Employees had been on strike since Wednesday last week because Gold Fields had been deducting money from workers’ salaries for a compulsory funeral cover benefit that not all of them wanted, NUM spokesman Lesiba Seshoka said on Friday.

He said the strike was expected to end as management had agreed to stop making the deductions, while NUM general secretary Frans Baleni had visited the mine to hear whether there were other issues that needed to be addressed.

Seshoka said the employees were contributing R70 towards the extended funeral cover for 10 family members.

“We are saying it [funeral cover benefit] must not be imposed, you can’t deduct [from] someone’s salary without their consent and employees had been objecting to it for some time now,” he said. However, Lunsche said the company had agreed to stop making the deductions on Thursday, and the issue remained the leadership issue at branch level.

There are 26 685 workers at KDC and it produced 1.1 million ounces of gold last year. Gold Fields said it had lost production of two night shifts and two day shifts. The east section produced 1 660 ounces a day.

Gold Fields fell 2.9 percent to R101 on the JSE on Friday.

“Based on informal feedback from employees, the strike appears to be related mainly to disagreements within organised labour and related structures on the mine, although we cannot confirm this,” Peter Turner, the executive vice-president and head of the company’s South Africa region, said on Friday.

Gold Fields issued a notice to employees at its South Deep mine explaining its operating model to improve productivity.
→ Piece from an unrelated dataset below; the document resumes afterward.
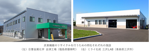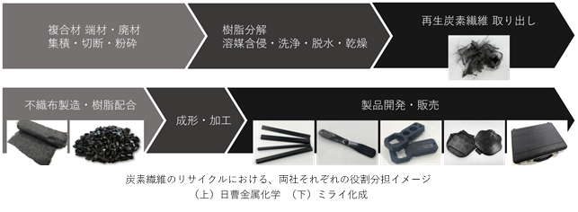 具体的には、日曹金属化学が会津工場にて複合材の端材・廃材を集積し、ミライ化成の独自技術・ノウハウを用いて炭素繊維を取り出す役割を担います。ミライ化成は、日曹金属化学にて回収・再生した炭素繊維の加工・成形に関する技術開発およびリサイクル炭素繊維の製品開発とリサイクル炭素繊維のサプライチェーン構築に取り組みます。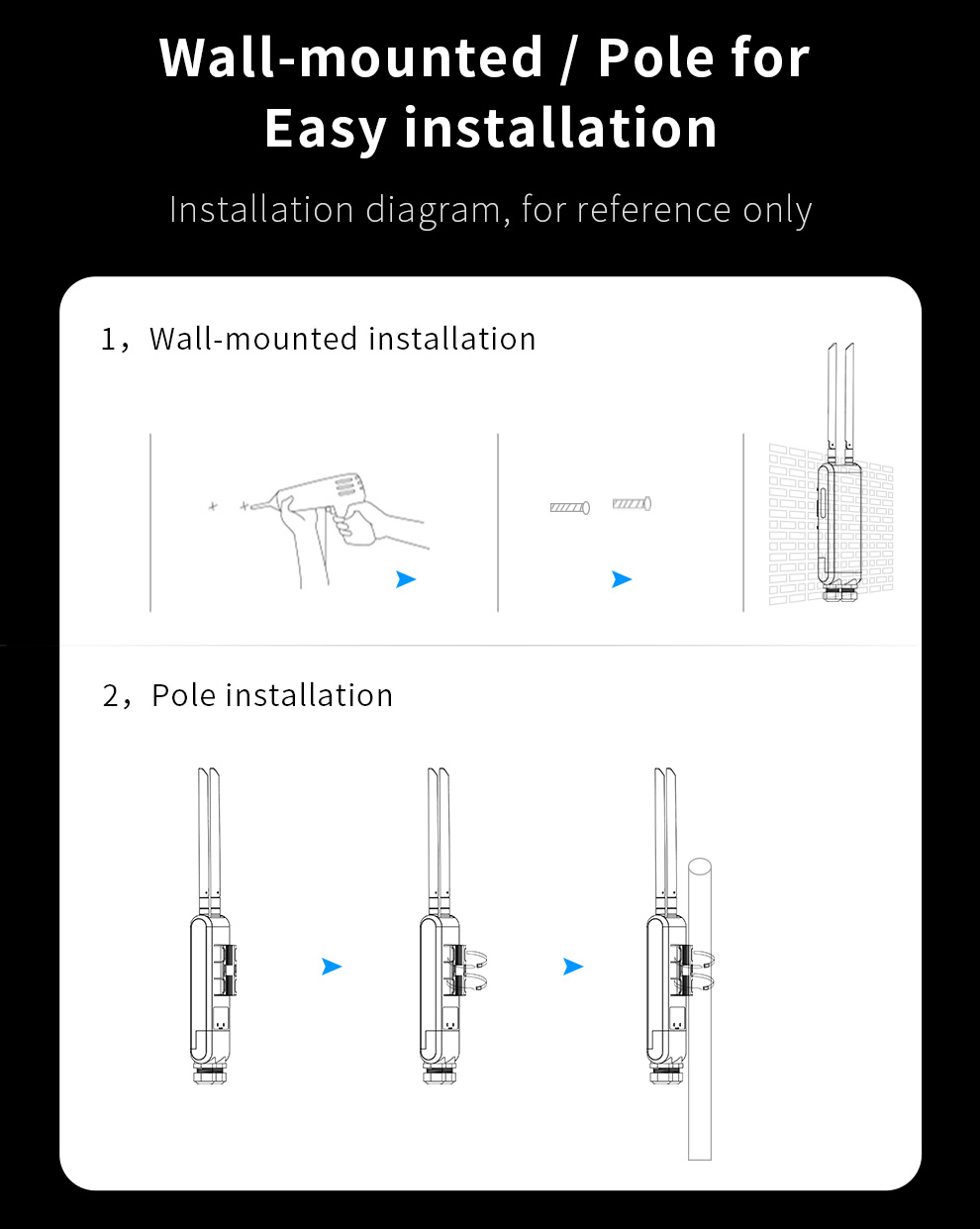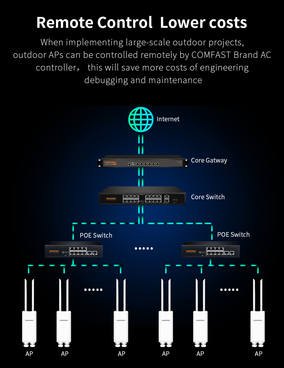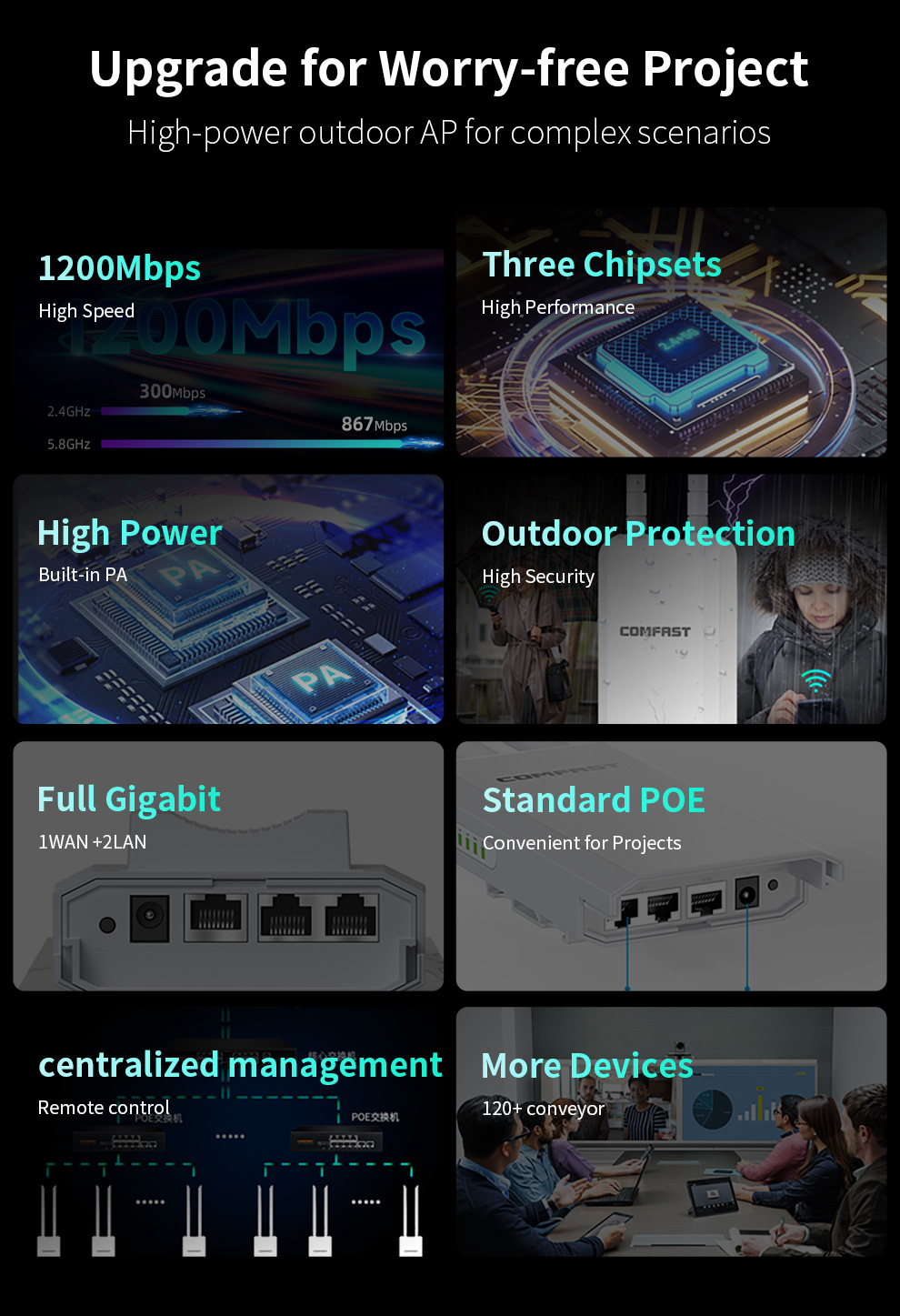 *The product images and demonstration scenarios on this page are for illustrative purposes only and may have slight differences from the actual product. Please refer to the physical product for accuracy. *The data on this page are theoretical values obtained from COMFAST’s internal laboratory under specific testing conditions. Actual usage may vary due to individual product differences, software versions, usage conditions, and environmental factors. Please refer to real-world usage for accurate representation. *To provide as accurate product information, specifications, and features as possible, COMFAST may periodically adjust and revise the text descriptions, image effects, and other content on this page to ensure alignment with actual product performance, specifications, packaging, and accessories. Should such adjustments or revisions become necessary, no prior notice will be provided.

The “worst case” scenario would see it dismiss 2 384 underground employees, chief executive Nick Holland was reported to have said last month. South Deep, which will produce 700 000 ounces of gold annually from the end of 2015, has proposed to change the shift system by introducing a 12-hour shift system with four days on and four days off.

Meanwhile, at platinum producer Lonmin, attendance dropped to an average of 5.7 percent on Friday, the company said. Talks on a peace accord at the company would resume today. However, the Association of Mineworkers and Construction Union (Amcu) said it had been excluded from a plenary session of the talks on Thursday.

Amcu president Joseph Mathunjwa said centralising the bargaining process in the platinum sector would not work until poverty and living conditions were addressed.

“If you are saying the bargaining structure will be centralised, you have to address fundamental issues affecting the workers,” he said.

Last week platinum mining members of the Chamber of Mines said it was speeding up the process of establishing a centralised bargaining process instead of negotiating with individual unions.